Пока Сиэль источал любопытство и доброжелательность, Себастьян, видимо, не испытывал ничего, кроме недоверия и недовольства. Разумеется, он рассказывал и показывал всё, что Сиэль запрашивал, но к тому его обязывал исключительно контракт, поэтому действия слуги так и оставались неохотными, а слова — произнесёнными сквозь зубы.
Осознавая, что вопреки всем усилиям оттепели не наблюдается, а вот завершение войны всё ближе и ближе, Сиэль тайно мечтал, чтобы военные действия продлились хотя бы ещё на несколько месяцев. И всё же данную клятву ни при каких условиях нарушать не собирался. Поэтому, когда весь мир праздновал победу и приветствовал долгожданную свободу, Сиэль стойко принял печаль и встретил свою свободу — нежеланную.
* * *
Мир начал капля за каплей отогреваться, Себастьян без колебаний ушёл в неизвестном направлении, а сам Сиэль медленно, но уверенно стал погружаться в ледяную стужу.

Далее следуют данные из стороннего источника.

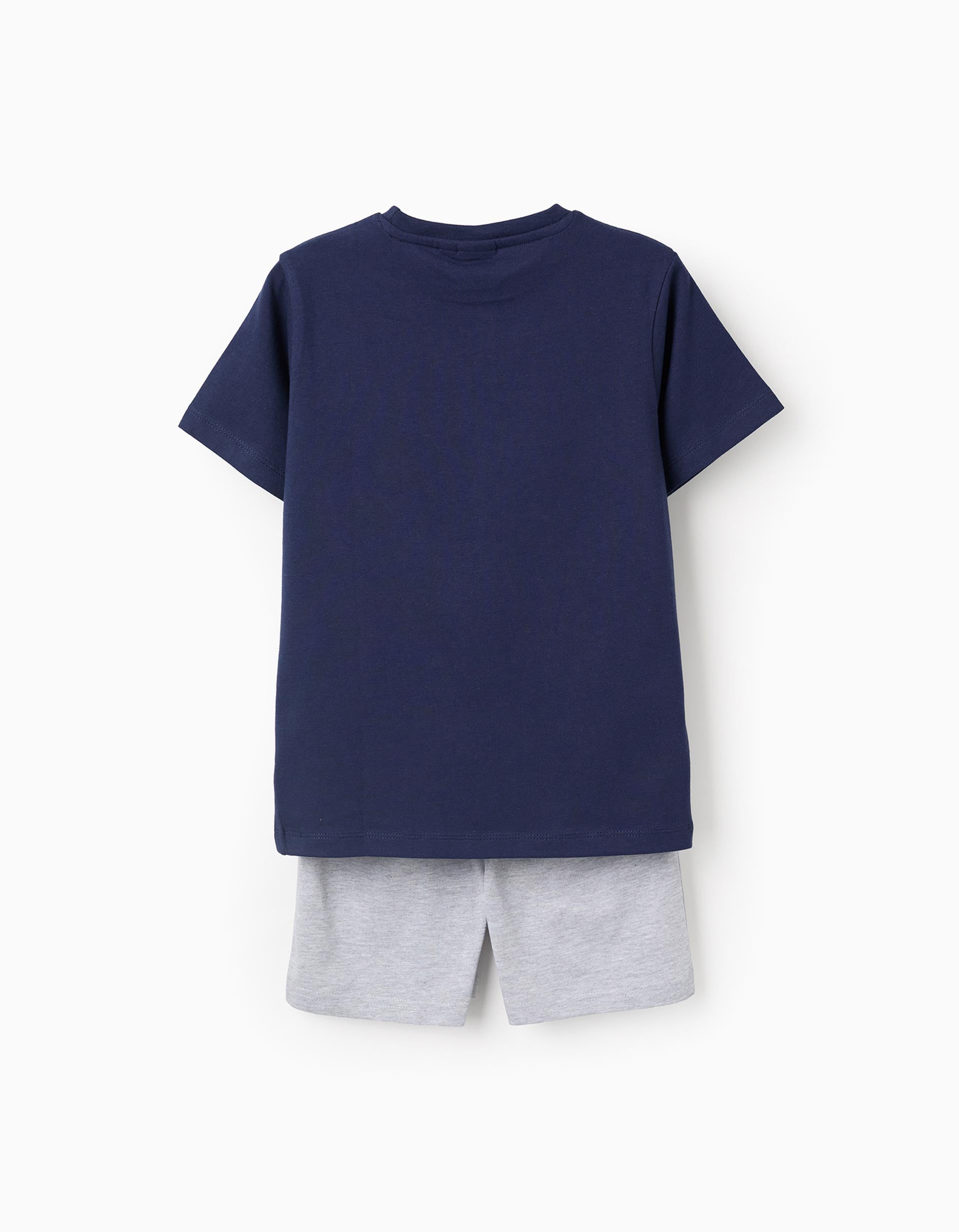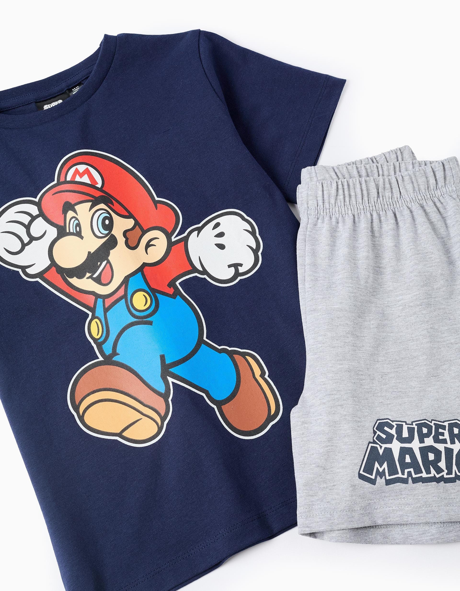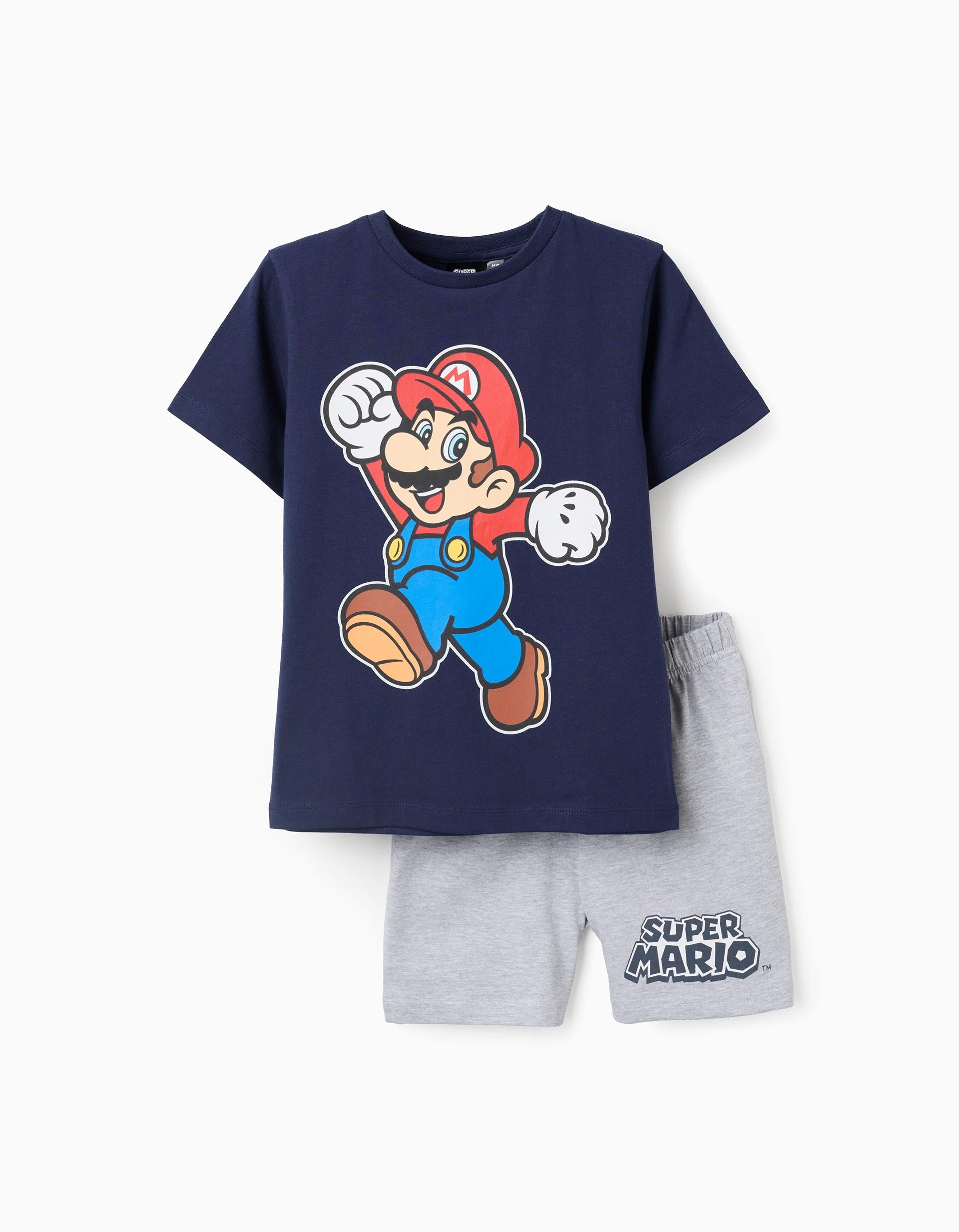 Two-piece pyjama for boys, 100% cotton. Includes a dark blue t-shirt with a front print of Super Mario; and plain grey shorts with detail. A comfortable pyjama, perfect for spring-summer nights!

Когда Сиэль переступает черту пятидесятилетия в бессмертной личине, он заключает, что в текущем состоянии чисто физически не сумеет замёрзнуть ещё больше, хотя так и не приходит к достоверной мысли, откуда холод берёт корни и по какой причине изначально образовался.
Однако Вторая мировая война утверждает обратное: в сравнении с этой войной, Первая мировая кажется Сиэлю короткой прогулкой по ветренной осенней степи. Теперь же, в подробностях наблюдая за тем, что и как именно люди причиняют друг другу, демон понимает, что бредёт по обуреваемому метелью лесу.
Сиэль смотрит на то, как люди на полях сражений превращают друг друга в фарш и паштет — и пребывает в абсолютном недоумении: чего ради?..
Сиэль наблюдает за тем, как нацисты проводят свои «блестящие» и «гениальные», как они их величают в самозабвенном экстазе, эксперименты: наносят людям страшные раны с целью последующего заражения разнообразными инфекциями, подвергают необратимому обморожению подопытных, вводят в тело ядовитые вещества, отрезают конечности и пытаются пришить их обратно, препарируют заживо и достают из человека внутренности — орган за органом...
Нет, ему не под силу понять. И он подсознательно задаётся вопросом, способен ли понять Себастьян.
* * *
Быстро оценив обстановку и уяснив, что, в отличие от Первой мировой Войны, теперь Сиэль лишён таких привилегий, как относительно небольшое количество подопечных и более-менее безопасных мест на земле, он вынужден изменить тактику. Ради обеспечения неприкосновенности своих контракторов демон, вместо того, чтобы путешествовать тёплыми странами мира на поверхности, спускается в самые глубины подземного пространства.
«Поклон тебе, Себастьян, за однажды проведённый подробный экскурс, — думает Сиэль, осматриваясь и адаптируя зрение, — сориентироваться довольно легко».
Сиэль движется по следам специально оставленной снаружи, но отпечатывающейся и различимой внизу, индивидуальной мистической энергии в форме его пентаграммы (или таки пентаграммы Себастьяна?), предусмотрительно оставленной на территории всех охваченных им концлагерей.
Много дней практики, немного (совсем немного) воспоминаний о демонстрации магии Себастьяном — и он наконец формирует из своих мистических сил то, что необходимо: огромные полупрозрачные энергетические пласты-вакуумы энергии, отливающие синим оттенком и окольцованные багровыми нитями-артериями, которые тянутся и присоединяются к его кровеносной системе.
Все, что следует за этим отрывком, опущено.